I’m grateful I got in on motherhood.  I was 34 when I married and 35 when the first baby came along. This summer, after my 66th birthday, I’m looking forward to holding my first grandchild. But maturity (read that: getting old) tends to make you philosophical about parenting and reproducing God’s image on earth.  What parent doesn’t want that child to succeed and honor God?

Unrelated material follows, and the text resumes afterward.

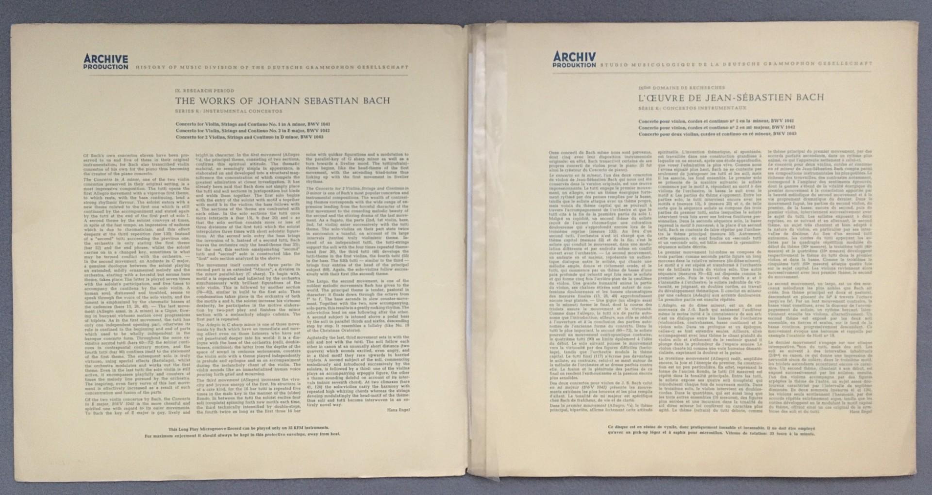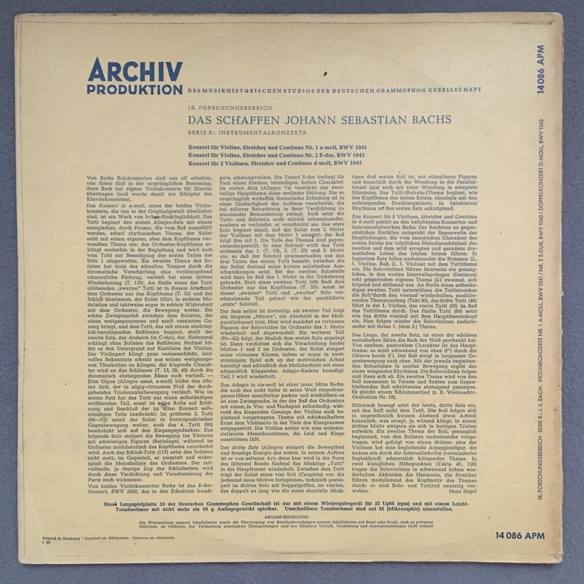 M865 Bach Brandenburg Concertos Schneiderhan Baumgartner DGG Archiv 14 086 APM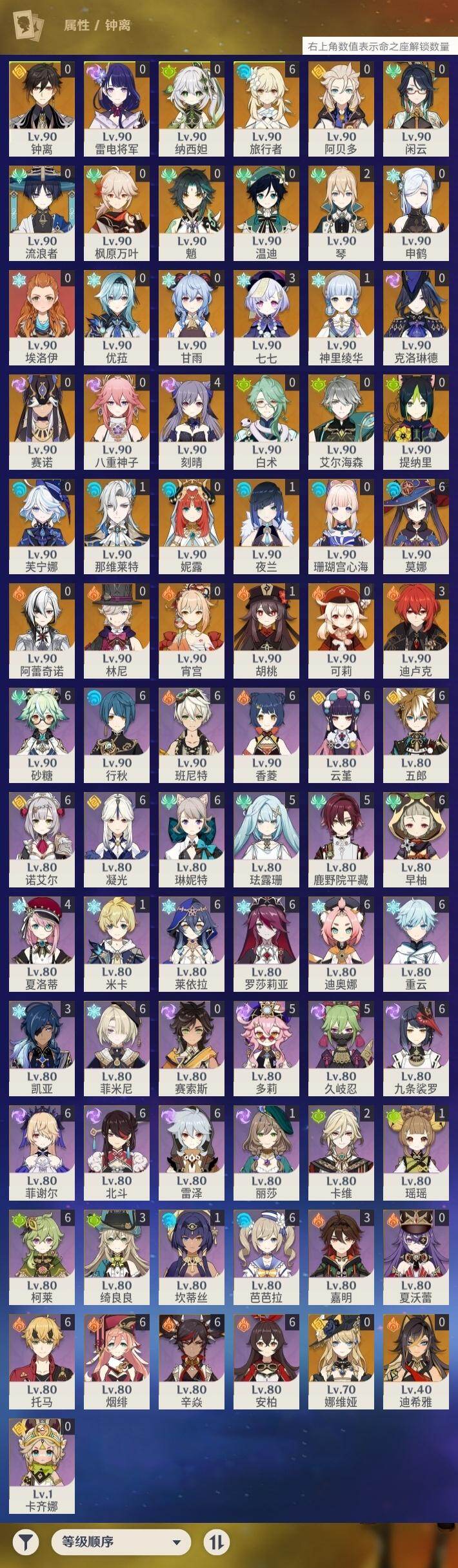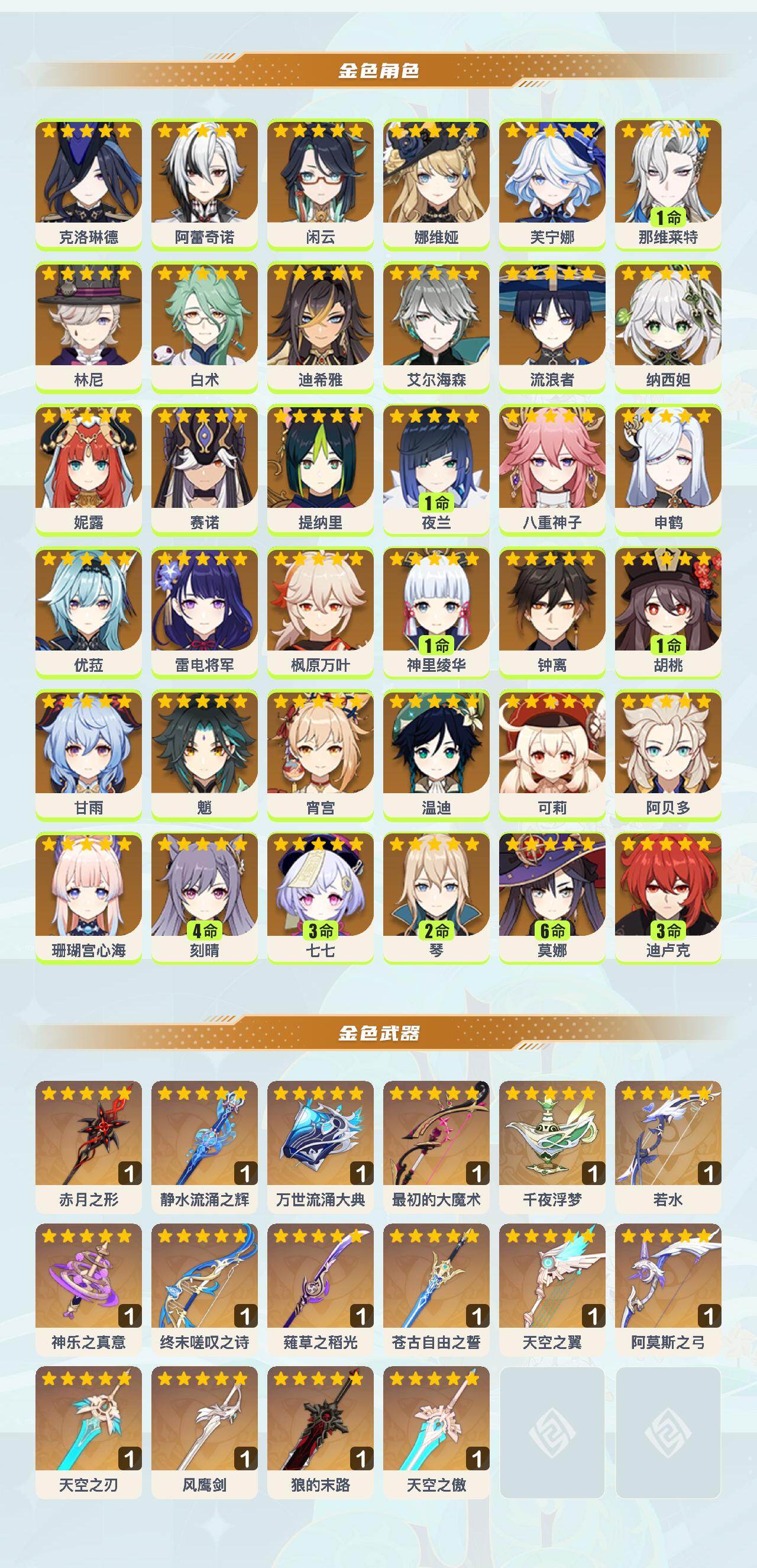 [16517529]60级/81黄/女主/36个五星角色/23个五星武器 0命克洛琳德0命阿蕾奇诺0命闲云0命娜维娅0命芙宁娜1命那维莱特0命林尼0命白术0命迪希雅0命艾尔海森0命流浪者0命纳西妲0命妮露0命赛诺0命提纳里1命夜兰0命八重神子0命申鹤0命优菈0命雷电将军0命枫原万叶1命神里绫华0命钟离1命胡桃0命甘雨0命魈0命宵宫0命温迪0命可莉0命阿贝多0命珊瑚宫心海4命刻晴3命七七2命琴满命莫娜3命迪卢克精1赤月之形精1静水流涌之辉精1万世流涌大典精1最初的大魔术精1千夜浮梦精1若水精1神乐之真意精1终末嗟叹之诗精1薙草之稻光精1苍古自由之誓精1天空之翼精1阿莫斯之弓精1天空之刃精1风鹰剑精1狼的末路精1天空之傲

In her book The Resolution for Women (BPH, 2011, p. 207), Patricia Shirer addresses those sobering parenting fundamentals. There’s nothing wrong with playing on the floor, making homemade waffles, and snapping first-haircut photos, she says. But “we must remember that our principal charge and mission as parents is to send our boys and girls into the world as young people who bear God’s Spirit, who are purposeful about His mission for their lives, and who are intent on being His agent for change on the planet.”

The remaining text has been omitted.